┌──

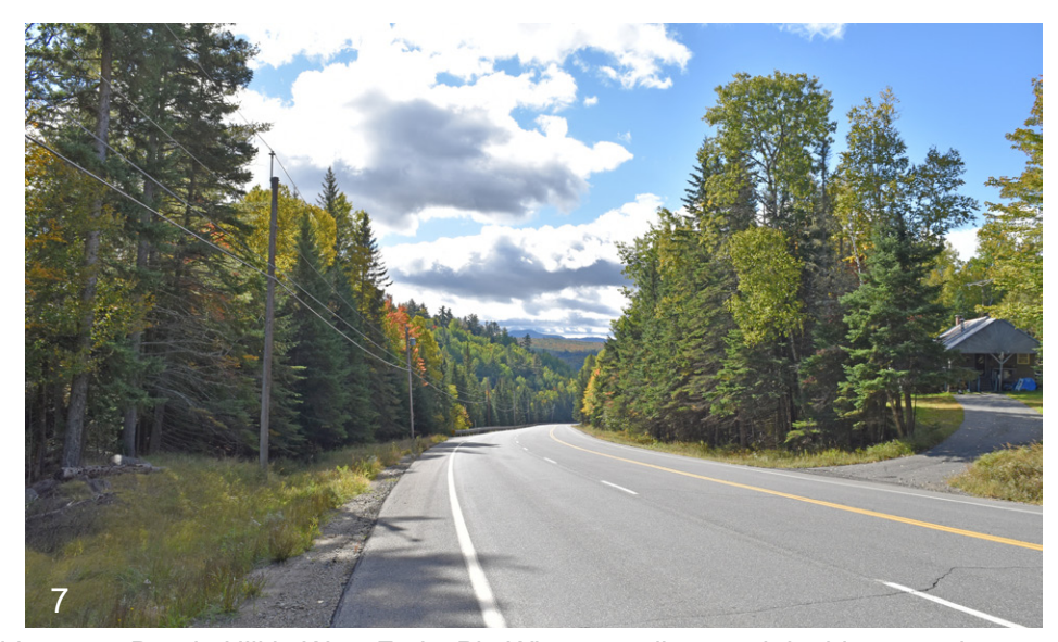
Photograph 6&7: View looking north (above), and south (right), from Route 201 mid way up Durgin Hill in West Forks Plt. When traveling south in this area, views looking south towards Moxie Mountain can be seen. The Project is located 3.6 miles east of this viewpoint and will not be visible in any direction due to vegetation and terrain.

└──
┌──

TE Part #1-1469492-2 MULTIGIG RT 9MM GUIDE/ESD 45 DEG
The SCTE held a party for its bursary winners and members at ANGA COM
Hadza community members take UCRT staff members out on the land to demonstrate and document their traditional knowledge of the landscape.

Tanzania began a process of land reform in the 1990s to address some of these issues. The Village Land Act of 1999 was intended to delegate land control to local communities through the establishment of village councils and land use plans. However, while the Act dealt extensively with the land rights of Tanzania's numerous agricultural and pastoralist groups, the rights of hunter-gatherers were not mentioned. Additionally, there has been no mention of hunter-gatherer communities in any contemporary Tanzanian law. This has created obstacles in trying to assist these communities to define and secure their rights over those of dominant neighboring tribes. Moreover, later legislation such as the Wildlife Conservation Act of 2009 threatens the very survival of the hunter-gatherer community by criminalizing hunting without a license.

└──

Go through the preceding material and copy each line that has the word "members".

The SCTE held a party for its bursary winners and members at ANGA COM
Hadza community members take UCRT staff members out on the land to demonstrate and document their traditional knowledge of the landscape.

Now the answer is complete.